For Immediate Distribution
May 13, 2014

Laura Rodriguez,, (310) 956-2425
Donald Gatlin,, (202) 587-2871

LOS ANGELES — Extending marriage to same-sex couples in Indiana would generate over $39 million in spending to the state economy, according to a new study authored by Williams Distinguished Scholar, M.V. Lee Badgett; Williams Public Policy Fellow, E.G. Fitzgerald; and Williams Institute Senior Counsel, Christy Mallory.

“This study confirms that all Indianans benefit from marriage for same-sex couples, not just the LGBT community,” said Badgett.

According to 2010 U.S. Census, the most recent data available, 11,074 same-sex couples live in Indiana. Of those couples, the Institute estimates that 50 percent (5,537 couples) would choose to marry in the first three years, a pattern that has been observed in Massachusetts and elsewhere. Over 3,000 marriages would occur in the first year alone, and bring up to $25 million in revenue to the state of Indiana that year.

Key findings include:

• 5,537 in-state same-sex couples would choose to marry in the three years following an opening of marriage to same-sex couples in Indiana.

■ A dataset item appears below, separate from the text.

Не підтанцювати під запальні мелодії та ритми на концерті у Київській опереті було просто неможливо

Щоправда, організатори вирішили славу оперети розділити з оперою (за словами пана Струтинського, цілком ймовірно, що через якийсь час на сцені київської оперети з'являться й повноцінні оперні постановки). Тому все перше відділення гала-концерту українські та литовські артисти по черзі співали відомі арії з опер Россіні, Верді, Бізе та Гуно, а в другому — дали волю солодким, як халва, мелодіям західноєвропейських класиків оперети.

• The total spending on wedding arrangements and tourism by resident same-sex couples and their guests would add an estimated $39.1 million to the state and local economy of Indiana over the course of three years, with a $25 million boost in the first year alone.

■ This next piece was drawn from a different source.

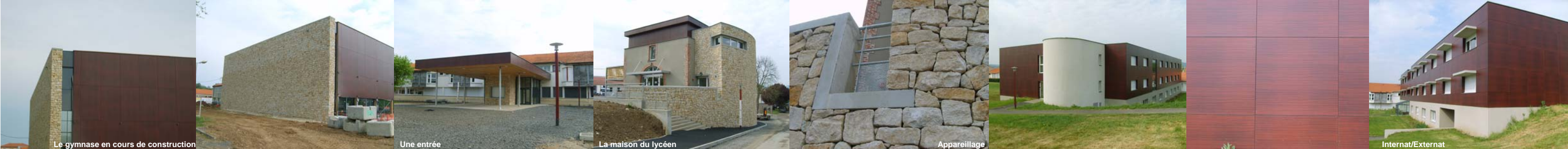
Le gymnase en cours de construction

• This economic boost would add $2.7 million in sales tax revenue to the state coffer.

• Spending related to same-sex couples’ wedding ceremonies and celebrations would generate 564 full- and part-time jobs in the state.

Analyses are informed by the methodology that the Williams Institute has used in previous studies of the economic impact of marriage in a number of other states. State-level data, 2010 Census data, and American Community Survey data were all used to estimate the economic impact of extending marriage to same-sex couples in Indiana. Estimates do not take into account the impact of same-sex couples from other states who will travel to Indiana to marry.

“Study after study has demonstrated that, in addition to significant revenue, marriage for same-sex couples also creates new jobs,” noted Mallory.